# Task material
◆ ◆ ◆ ◆
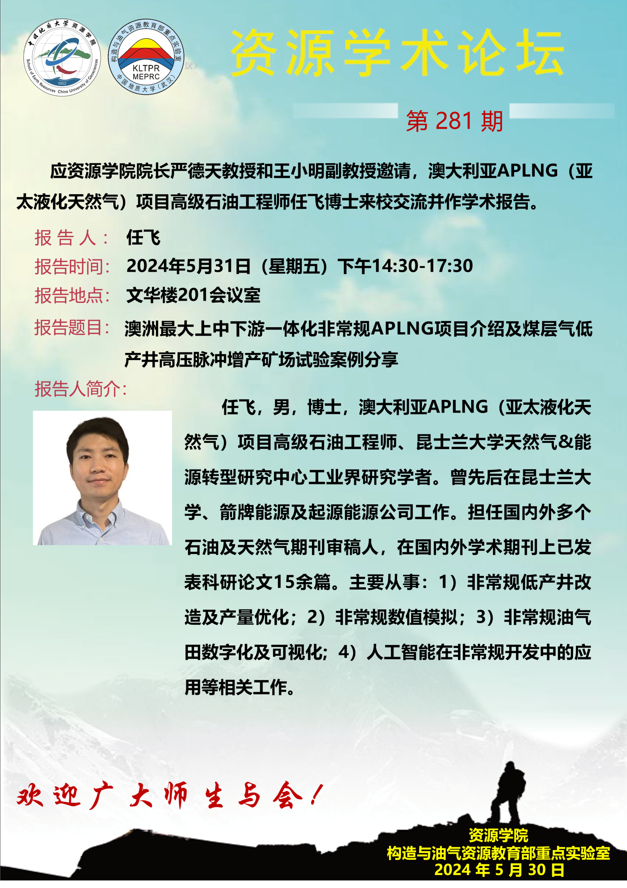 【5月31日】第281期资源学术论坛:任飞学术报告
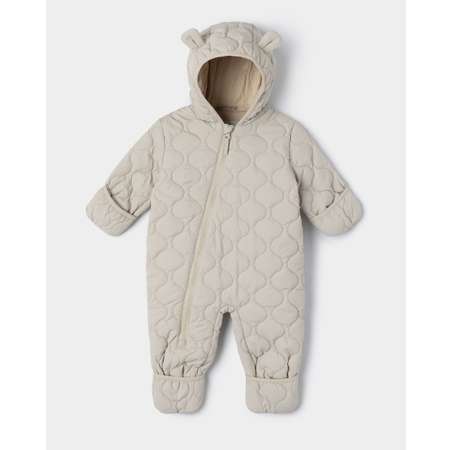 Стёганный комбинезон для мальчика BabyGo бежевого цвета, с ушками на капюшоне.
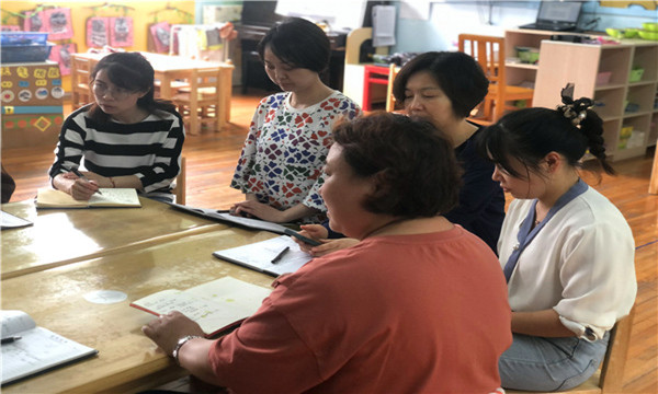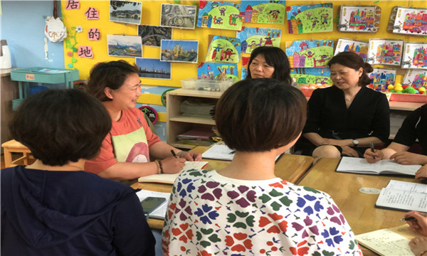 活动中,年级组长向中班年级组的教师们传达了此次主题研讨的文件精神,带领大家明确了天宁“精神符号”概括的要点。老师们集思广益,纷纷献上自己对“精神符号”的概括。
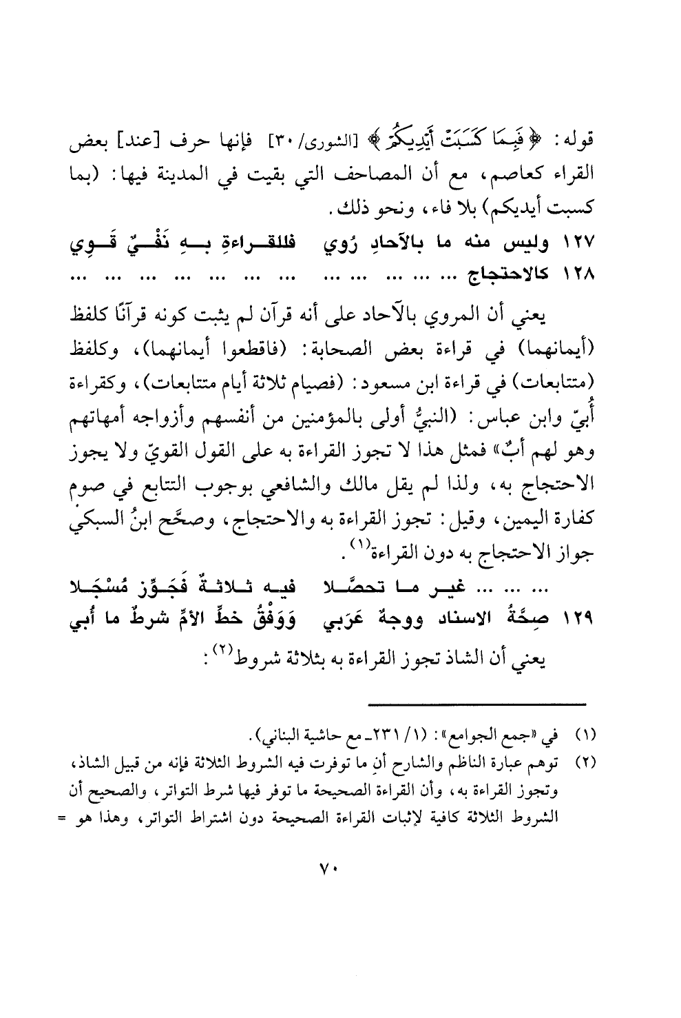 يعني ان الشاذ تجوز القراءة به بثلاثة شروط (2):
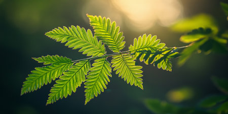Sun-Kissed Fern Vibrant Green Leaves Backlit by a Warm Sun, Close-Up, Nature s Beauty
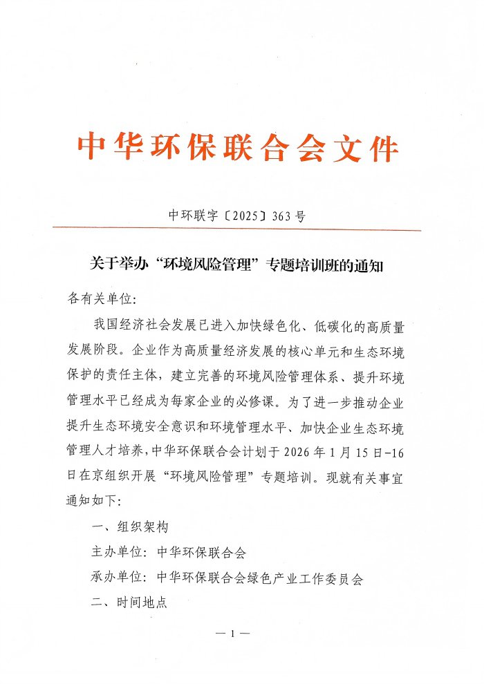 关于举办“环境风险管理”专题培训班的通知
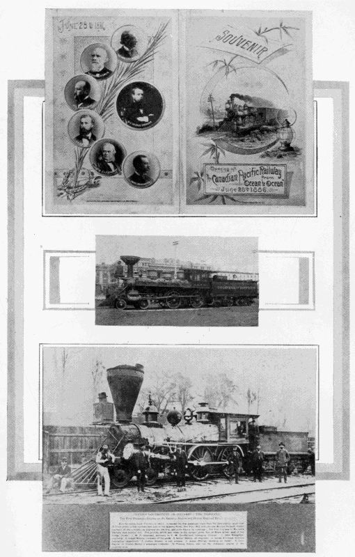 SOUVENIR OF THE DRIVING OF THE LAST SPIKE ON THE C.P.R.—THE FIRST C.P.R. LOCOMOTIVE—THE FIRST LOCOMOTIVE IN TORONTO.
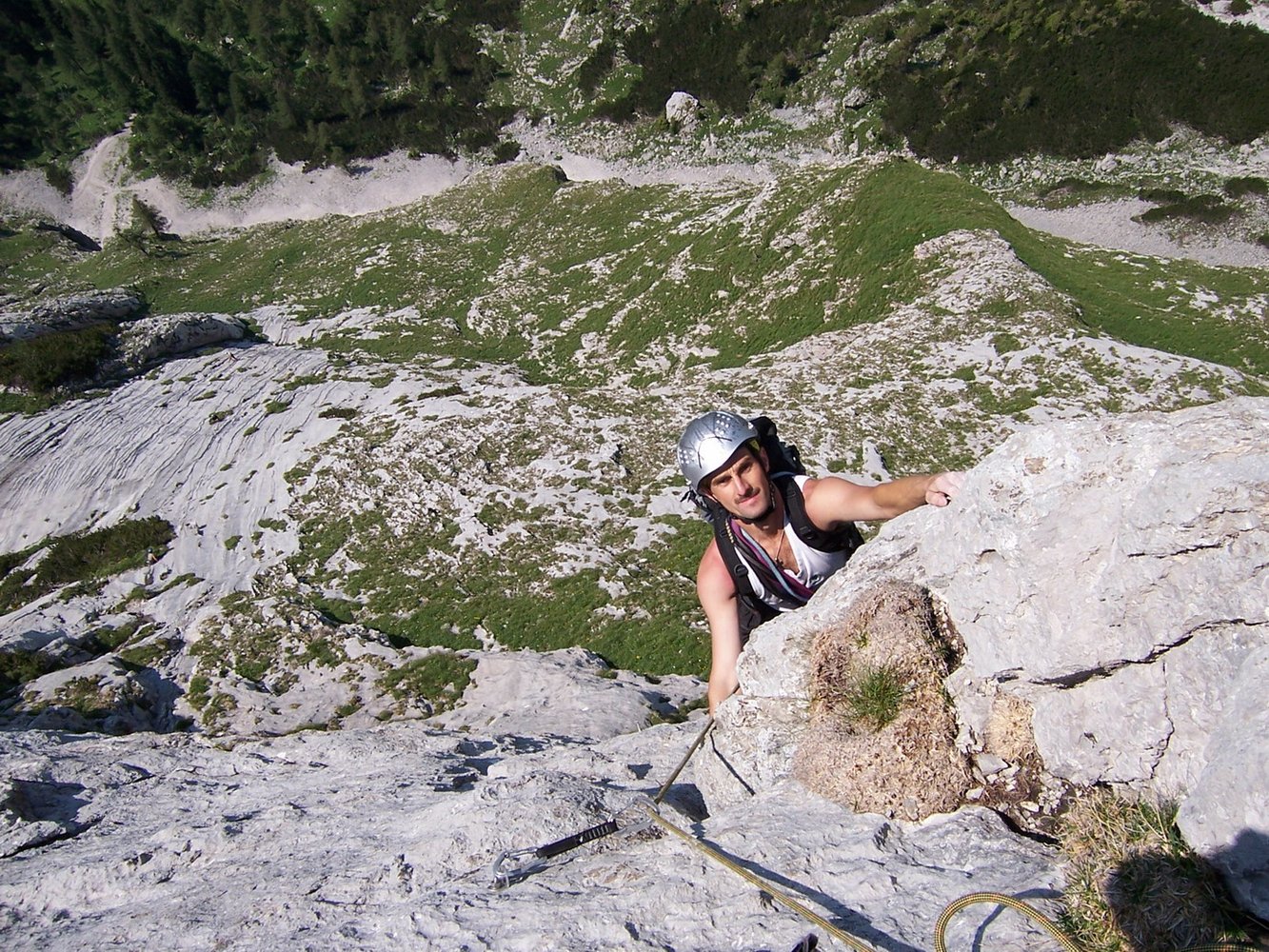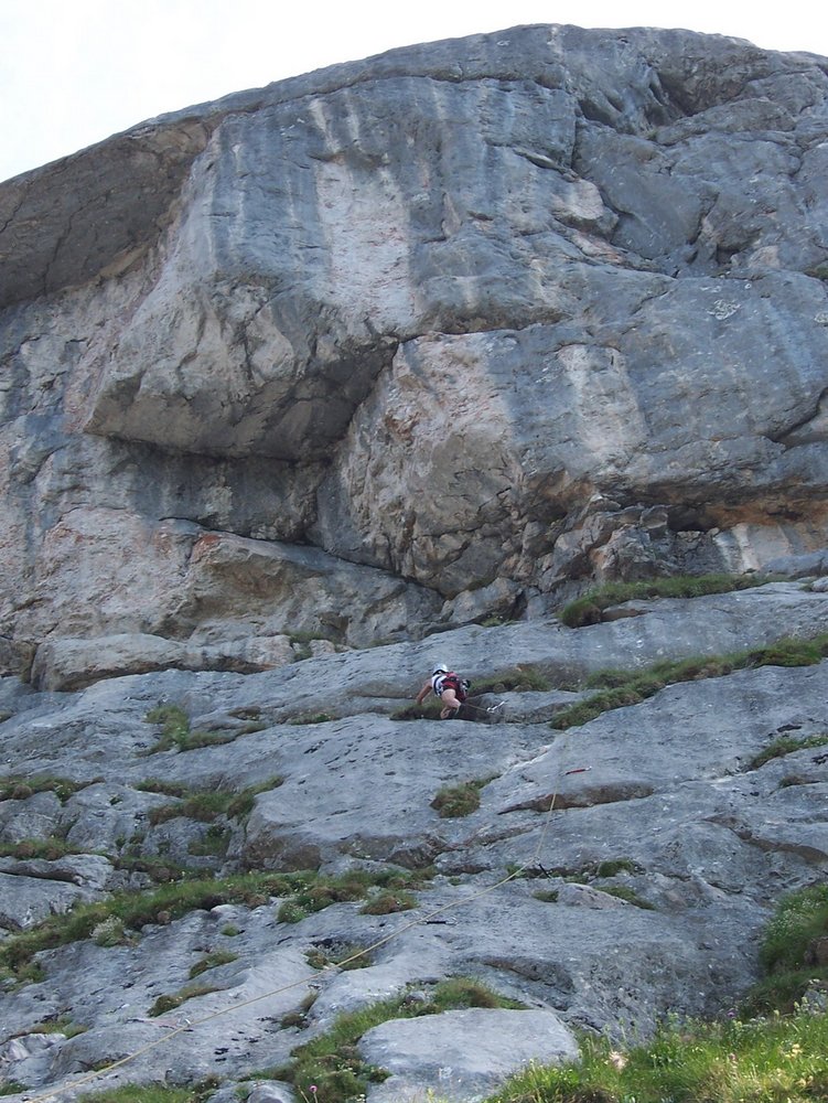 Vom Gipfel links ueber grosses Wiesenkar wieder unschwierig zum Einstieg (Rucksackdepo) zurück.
◆ ◆ ◆ ◆
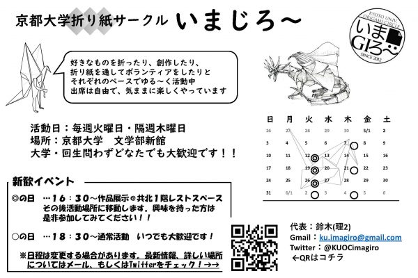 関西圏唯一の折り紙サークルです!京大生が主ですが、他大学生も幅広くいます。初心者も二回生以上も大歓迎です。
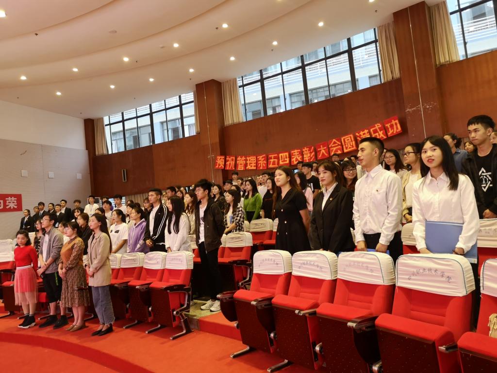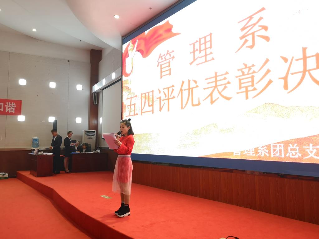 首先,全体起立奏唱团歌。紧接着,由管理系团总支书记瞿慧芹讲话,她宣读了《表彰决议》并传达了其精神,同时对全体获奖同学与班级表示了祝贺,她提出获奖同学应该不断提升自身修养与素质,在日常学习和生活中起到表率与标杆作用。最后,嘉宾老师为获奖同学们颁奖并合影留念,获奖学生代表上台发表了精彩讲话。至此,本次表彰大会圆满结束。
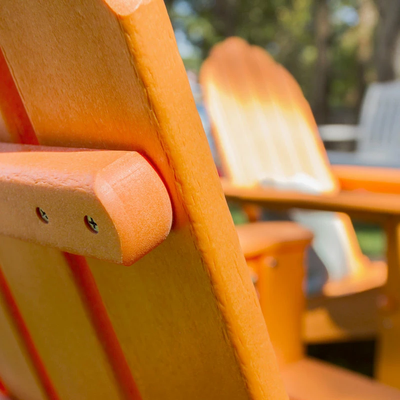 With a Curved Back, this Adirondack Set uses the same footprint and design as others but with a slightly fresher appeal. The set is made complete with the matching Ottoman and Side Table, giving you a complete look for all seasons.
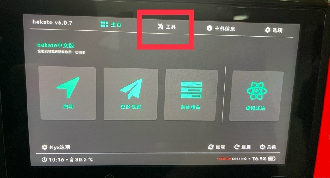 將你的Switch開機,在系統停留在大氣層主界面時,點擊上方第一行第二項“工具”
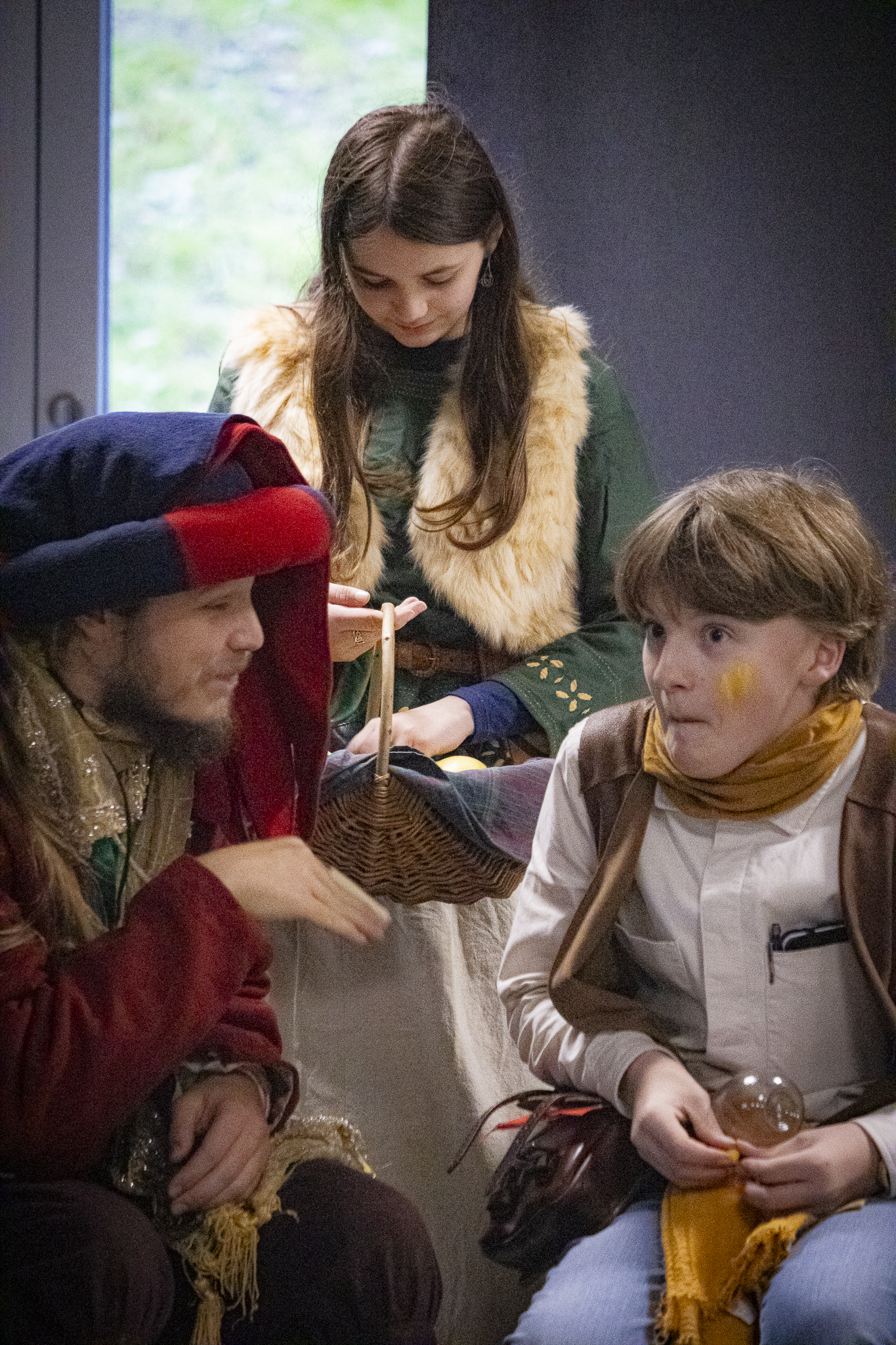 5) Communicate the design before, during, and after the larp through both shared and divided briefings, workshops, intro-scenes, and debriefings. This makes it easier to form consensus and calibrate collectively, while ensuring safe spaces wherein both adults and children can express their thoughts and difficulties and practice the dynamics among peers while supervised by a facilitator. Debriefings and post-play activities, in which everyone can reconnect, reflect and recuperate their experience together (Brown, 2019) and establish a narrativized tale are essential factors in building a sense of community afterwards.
◆ ◆ ◆ ◆
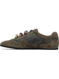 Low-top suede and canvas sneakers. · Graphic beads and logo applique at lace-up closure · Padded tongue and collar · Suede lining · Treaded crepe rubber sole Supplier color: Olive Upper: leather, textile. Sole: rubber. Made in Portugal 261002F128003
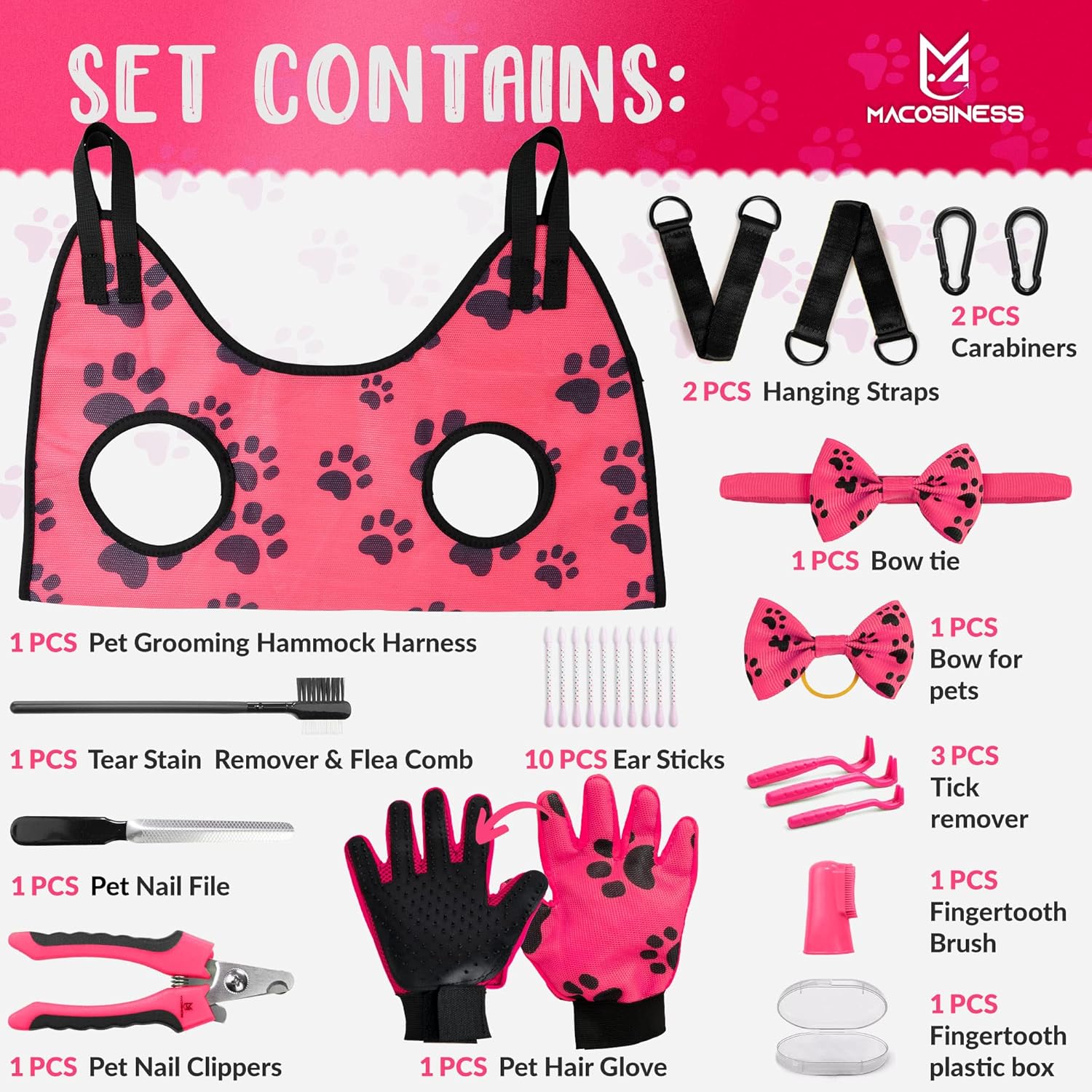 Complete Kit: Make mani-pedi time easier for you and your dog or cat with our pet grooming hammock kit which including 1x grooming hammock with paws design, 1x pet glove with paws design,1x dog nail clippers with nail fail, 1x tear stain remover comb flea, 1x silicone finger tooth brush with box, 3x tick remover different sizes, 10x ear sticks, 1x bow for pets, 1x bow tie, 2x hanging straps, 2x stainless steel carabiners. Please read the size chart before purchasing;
◆ ◆ ◆ ◆
# Assigned task
Look above and copy only the lines from the one holding "Sun-Kissed Fern Vibrant" to the one holding "Vom Gipfel links", both included, exactly, minus the pictures.

# Reply
Sun-Kissed Fern Vibrant Green Leaves Backlit by a Warm Sun, Close-Up, Nature s Beauty
 关于举办“环境风险管理”专题培训班的通知
 SOUVENIR OF THE DRIVING OF THE LAST SPIKE ON THE C.P.R.—THE FIRST C.P.R. LOCOMOTIVE—THE FIRST LOCOMOTIVE IN TORONTO.
 Vom Gipfel links ueber grosses Wiesenkar wieder unschwierig zum Einstieg (Rucksackdepo) zurück.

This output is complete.